## Exercise details
In the records below, find the line with "на Вагнеровата партитура." and the line with "Lúc này chúng". Print both exactly, along with every line between them, and no other line.

## Supplied information
-- Opening Marker --
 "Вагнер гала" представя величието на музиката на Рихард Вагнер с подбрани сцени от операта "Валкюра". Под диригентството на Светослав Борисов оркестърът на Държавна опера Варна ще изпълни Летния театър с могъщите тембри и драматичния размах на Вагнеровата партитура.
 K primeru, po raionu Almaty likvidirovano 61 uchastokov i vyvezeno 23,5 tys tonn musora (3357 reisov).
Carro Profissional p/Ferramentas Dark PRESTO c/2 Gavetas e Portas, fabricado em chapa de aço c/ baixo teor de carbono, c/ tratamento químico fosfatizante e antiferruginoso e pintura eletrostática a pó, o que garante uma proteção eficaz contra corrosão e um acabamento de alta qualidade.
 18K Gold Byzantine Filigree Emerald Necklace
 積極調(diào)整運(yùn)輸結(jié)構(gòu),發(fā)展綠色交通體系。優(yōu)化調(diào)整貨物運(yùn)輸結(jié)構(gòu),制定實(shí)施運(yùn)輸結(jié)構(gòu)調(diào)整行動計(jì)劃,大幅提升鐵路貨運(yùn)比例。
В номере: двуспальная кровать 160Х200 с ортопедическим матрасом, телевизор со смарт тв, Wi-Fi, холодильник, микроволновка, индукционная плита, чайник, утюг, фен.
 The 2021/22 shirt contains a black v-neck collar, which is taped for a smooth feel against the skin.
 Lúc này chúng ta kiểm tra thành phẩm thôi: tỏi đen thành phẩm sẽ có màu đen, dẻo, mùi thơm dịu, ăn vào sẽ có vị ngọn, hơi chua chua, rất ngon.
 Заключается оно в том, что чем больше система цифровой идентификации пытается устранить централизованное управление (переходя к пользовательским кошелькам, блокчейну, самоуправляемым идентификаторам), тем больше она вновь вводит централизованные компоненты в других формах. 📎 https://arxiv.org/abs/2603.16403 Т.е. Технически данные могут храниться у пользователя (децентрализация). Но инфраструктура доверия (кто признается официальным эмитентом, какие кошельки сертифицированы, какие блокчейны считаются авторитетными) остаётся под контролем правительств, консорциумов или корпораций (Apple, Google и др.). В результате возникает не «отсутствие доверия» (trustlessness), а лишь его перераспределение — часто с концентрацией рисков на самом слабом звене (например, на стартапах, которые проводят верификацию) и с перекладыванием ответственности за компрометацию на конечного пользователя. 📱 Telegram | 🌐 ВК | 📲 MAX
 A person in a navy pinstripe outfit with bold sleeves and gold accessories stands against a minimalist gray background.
-- Closing Marker --
-- Opening Marker --
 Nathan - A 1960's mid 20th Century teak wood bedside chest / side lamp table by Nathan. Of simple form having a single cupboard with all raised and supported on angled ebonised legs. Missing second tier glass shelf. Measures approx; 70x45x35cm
-- Closing Marker --
## Exercise solution
 "Вагнер гала" представя величието на музиката на Рихард Вагнер с подбрани сцени от операта "Валкюра". Под диригентството на Светослав Борисов оркестърът на Държавна опера Варна ще изпълни Летния театър с могъщите тембри и драматичния размах на Вагнеровата партитура.
 K primeru, po raionu Almaty likvidirovano 61 uchastokov i vyvezeno 23,5 tys tonn musora (3357 reisov).
Carro Profissional p/Ferramentas Dark PRESTO c/2 Gavetas e Portas, fabricado em chapa de aço c/ baixo teor de carbono, c/ tratamento químico fosfatizante e antiferruginoso e pintura eletrostática a pó, o que garante uma proteção eficaz contra corrosão e um acabamento de alta qualidade.
 18K Gold Byzantine Filigree Emerald Necklace
 積極調(diào)整運(yùn)輸結(jié)構(gòu),發(fā)展綠色交通體系。優(yōu)化調(diào)整貨物運(yùn)輸結(jié)構(gòu),制定實(shí)施運(yùn)輸結(jié)構(gòu)調(diào)整行動計(jì)劃,大幅提升鐵路貨運(yùn)比例。
В номере: двуспальная кровать 160Х200 с ортопедическим матрасом, телевизор со смарт тв, Wi-Fi, холодильник, микроволновка, индукционная плита, чайник, утюг, фен.
 The 2021/22 shirt contains a black v-neck collar, which is taped for a smooth feel against the skin.
 Lúc này chúng ta kiểm tra thành phẩm thôi: tỏi đen thành phẩm sẽ có màu đen, dẻo, mùi thơm dịu, ăn vào sẽ có vị ngọn, hơi chua chua, rất ngon.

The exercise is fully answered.